Hives for Lives Competes in @15 Community Impact Challenge

Posted in: Our Clients
Author: Kira Loretto

hivesforlives

When George Bernard Shaw said, “Youth is wasted on the young,” he couldn’t possibly have imagined the likes of Molly and Carly Houlalan, two teenage girls who are generating quite the buzz, literally. The Devon, Pennsylvania sisters are the masterminds behind Hives for Lives, a social enterprise that jars and sells honey and other bee products to raise money for cancer research. The girls founded Hives for Lives in 2004, in honor of their grandfather who lost a battle with esophageal cancer. Since then, they have remained dedicated to the cause and their work has paid off, as now we are happy to announce that Hives for Lives has been selected as one of fifteen finalists in the @15 Community Impact Challenge.

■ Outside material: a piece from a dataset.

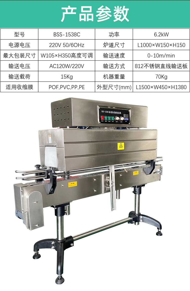 - 控制系統:用于設定和調節加熱溫度、輸送速度等參數,以滿足不同產品的熱收縮需求。

The national competition, sponsored by Ashoka’s Youth Venture and presented by the Best Buy Children’s Foundation, recognizes and supports youth-led organizations making a difference in their communities. The young social entrepreneur finalists were selected for their potential for community impact and long-term sustainability. Grants of up to $5,000 will be awarded to the finalists who receive the most votes on the challenges website. If it wins, Hives for Lives will use the prize money to build new hives at the Elmwood Park Zoo in Norristown, Pa., to help grow their business and educate children about bees.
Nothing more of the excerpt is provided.